2. Ordenar al juez a quo que proceda a integrar el contradictorio con los señores Yebrail Mateus Castillo, Álvaro Jesús Uribe Castellanos y Ángela Castellanos de Uribe, en la forma y términos establecidos en el artículo 83 del Código de Procedimiento Civil y, en su momento, a renovar la actuación anulada.

Sin costas en esta instancia.

Notifíquese».

1 Folio 40, c. 7.

2 Folio 17, c. Corte.

3 Ibídem.

4 Folio 18, c. 1.

5 Ibídem.

6 GUASP, Jaime. Derecho Procesal Civil. Tomo Primero. Madrid: Instituto de Estudios Políticos, 1968, p. 185.

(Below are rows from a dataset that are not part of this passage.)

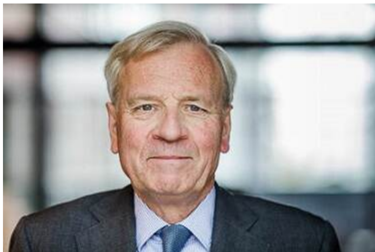
Prof. mr. Jaap de Hoop Scheffer, voorzitter

De AIV heeft er het afgelopen jaar veel werk van gemaakt om ruimere bekendheid te geven aan de AIV-adviezen en het functioneren van de raad. Op communicatiegebied zijn in 2019 verschillende vernieuwingen doorgevoerd. De AIV heeft een nieuwe huisstijl en een nieuwe website op webadres adviesraadinternationalevraagstukken.nl .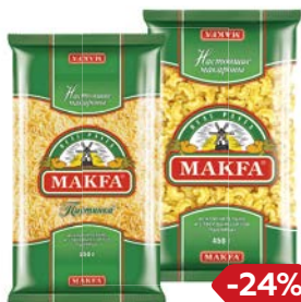
Макароны МАКФА® Вермишель короткая тонкая/ Петушинные гребешки/ Улитки, 450 г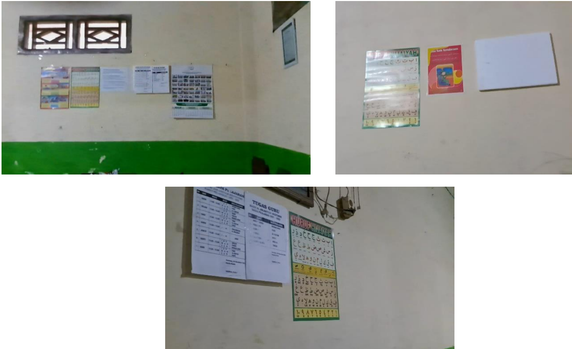
Gambar 5. Atribut di kelas Madrasah Diniyah Al Jaelaniyah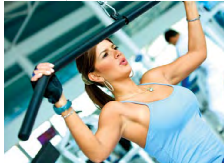
Fitness Merkezi Fitness Center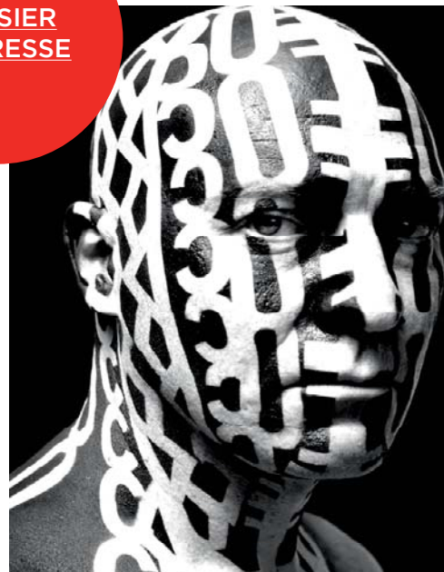
Fuckface, 2007 Photographie © Lydie Nesvadba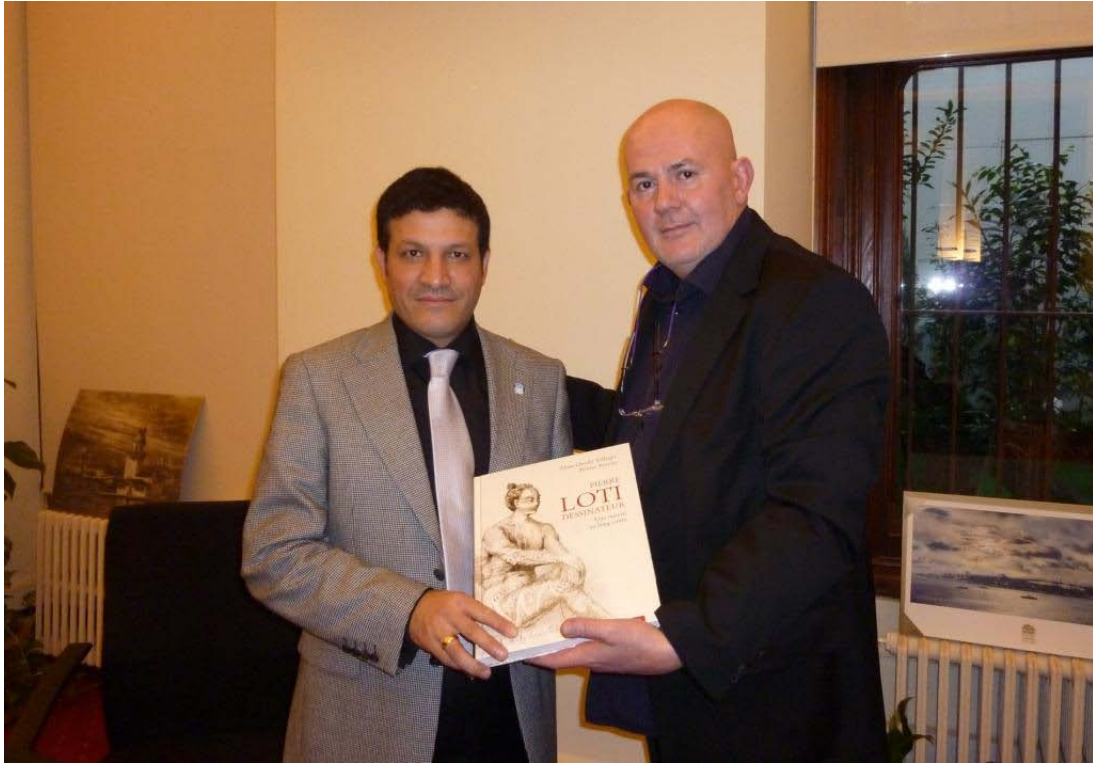
Mr Yılmaz KÜRT - General Secretary, Istanbul 2010 European Capital of Culture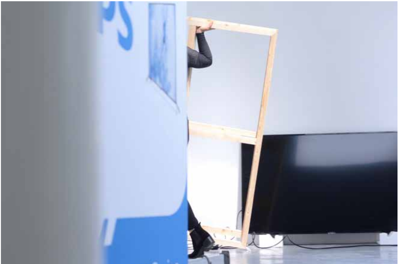
Montage de La Permanence , septembre 2017.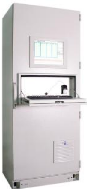
Рисунок 2 - Внешний вид системы информационно-измерительной расширенного вибромониторинга «ТИК-RVM»

Внешний вид системы информационно-измерительной расширенного вибромониторинга «ТИК-RVM» приведен на рисунке 2.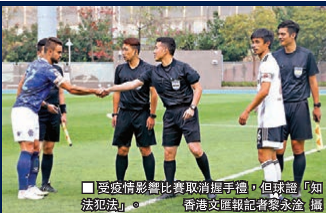
受疫情影響比賽取消握手禮，但球證「知法犯法」。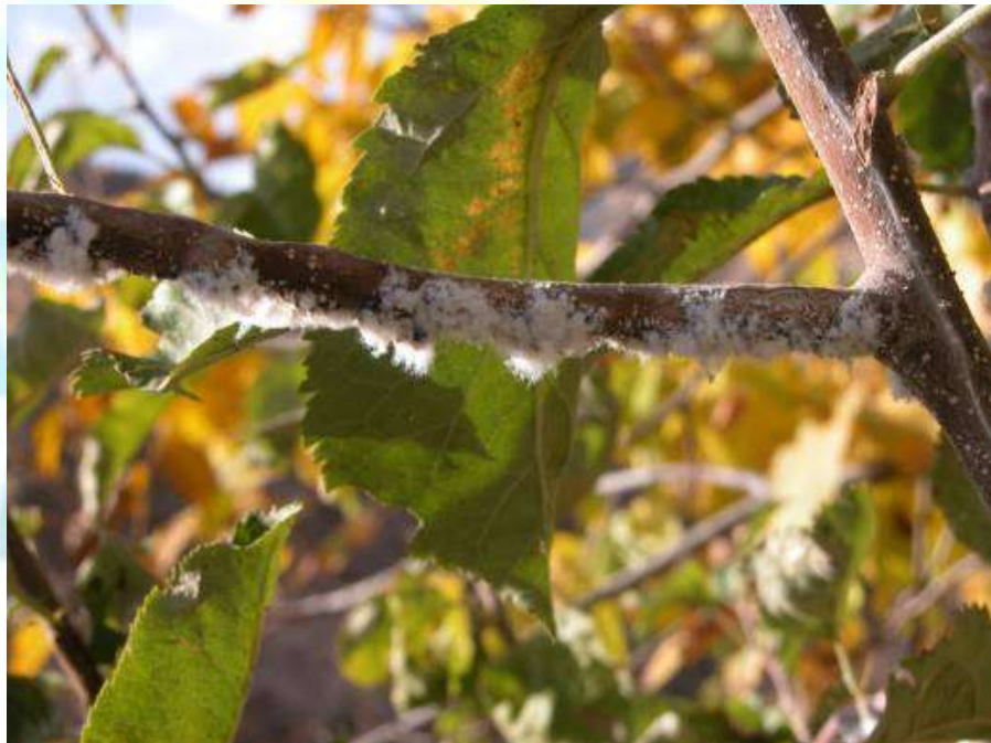
Фото 11: Навдаҳо аз ширинчай хунини себ зарар дидаанд.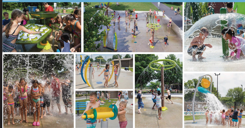
Splash Pad Elements Final Master Plan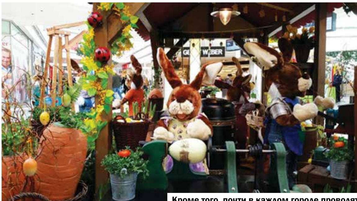
Кроме того, почти в каждом городе проводят пасхальные базары, на которых продают сделанные своими руками поделки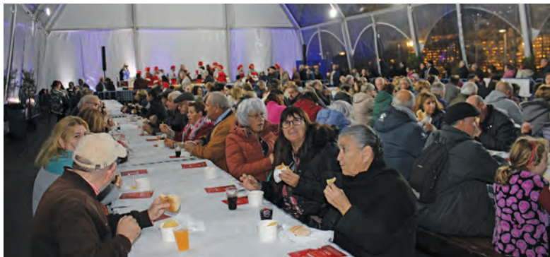
TRADICIONAL VITELA JUNTOU CENTENAS DE PESSOAS

As freguesias, em particular, foram destacadas como a primeira linha de contacto com a população. “Num tempo em que as diferenças políticas às vezes gritam mais alto do que deviam, as freguesias provam que é possível cooperar com responsabilidade”, afirmou, num momento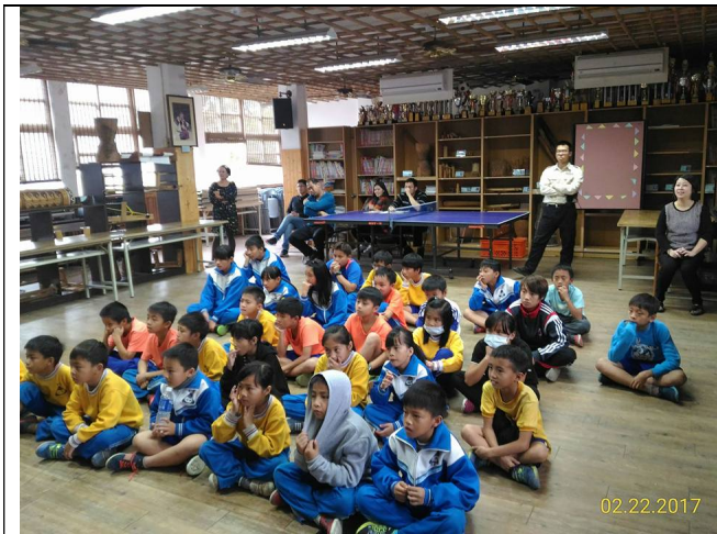
2017/2/22 苗栗縣泰安 鄉士林國小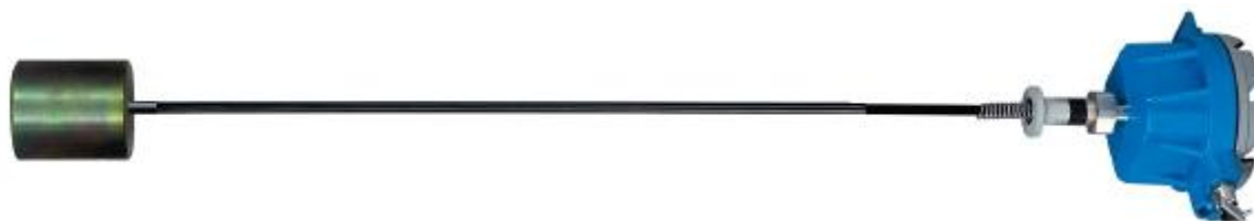
Рис.1 Фото первичного преобразователя с ЧЭ в сборе

Фотографии общего вида датчиков температуры многоточечных ДТМ2 представлены на рисунках 1-2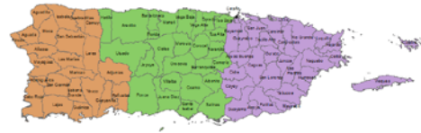
Regiones de CoCoRaHS de Puerto Rico Puerto Rico CoCoRaHS Regions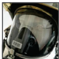
Positie in het ademluchtmasker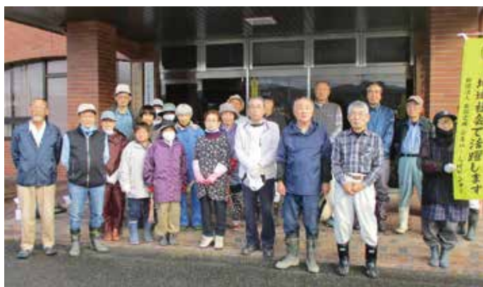
プラザ西伯周辺の剪定や除草作業での奉仕作業に参加した西伯地区の皆さん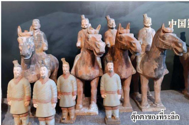
ตุ๊กตาของที่ระลึก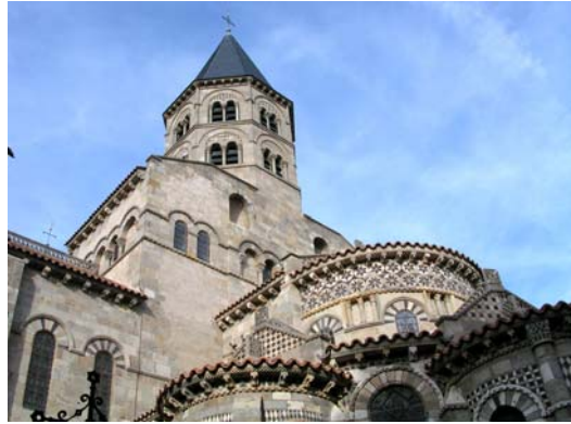
Clermont Ferrand – romanische Kirche

Weiterfahrt nach Clermont Ferrand , dort Übernachtung im zentral gelegenen Hotel Kyriad Prestige.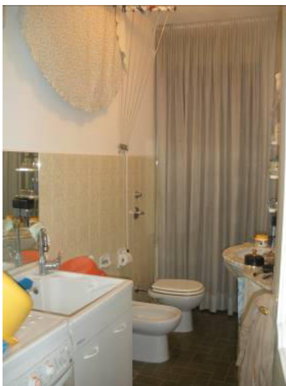
Fotografia 23 – Terzo Bagno in prossimità della della cucina.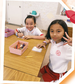
我們一起做手工創作。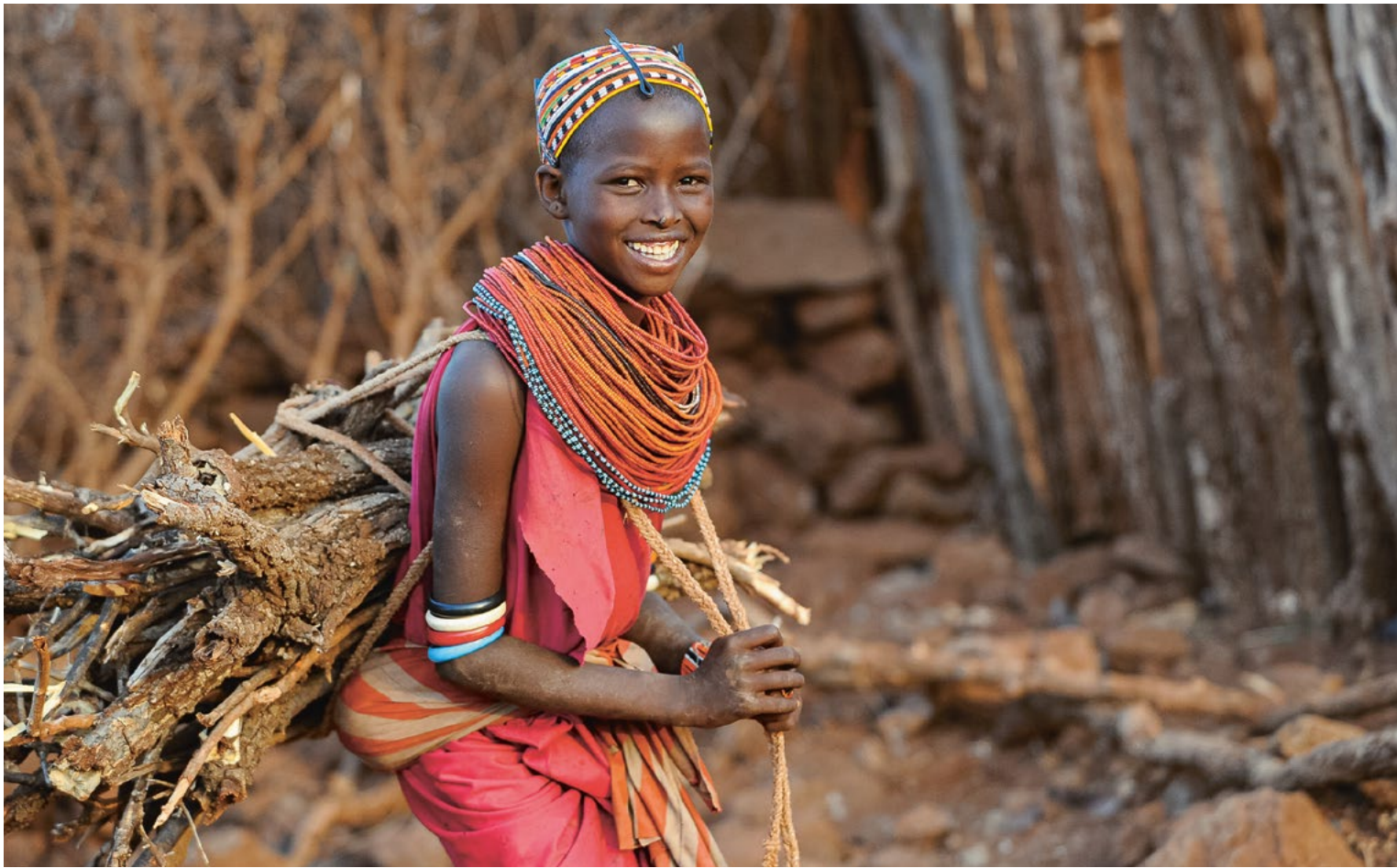
Mädchen in Kenia tragen Brennholz oft kilometerweit zu ihren Dörfern.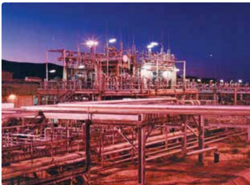
شکل ۱-۶- توسعه صنعتی

7 DEVIS ECHANDÍA, Hernando. Tratado de Derecho Procesal Civil. Tomo I. Bogotá: Temis, 1961, p. 490.

8 Op. cit., p. 491.

9 ROCCO, Ugo. Tratado de Derecho Procesal Civil, citado en DEVIS ECHANDÍA, op. cit., p. 519.

10 Ibídem.

11 Ibídem.

12 MORALES MOLINA, Hernando. Curso de Derecho Procesal Civil. Parte General. 8ª ed. Bogotá: Editorial ABC, 1983. p. 239.

13 GUAL VIDAL. La sociedad de responsabilidad limitada. Citado por RODRÍGUEZ RODRÍGUEZ, Joaquín. Tratado de Sociedades Mercantiles. México: Edit. Porrúa S.A. Tomo II, 1977, p. 354.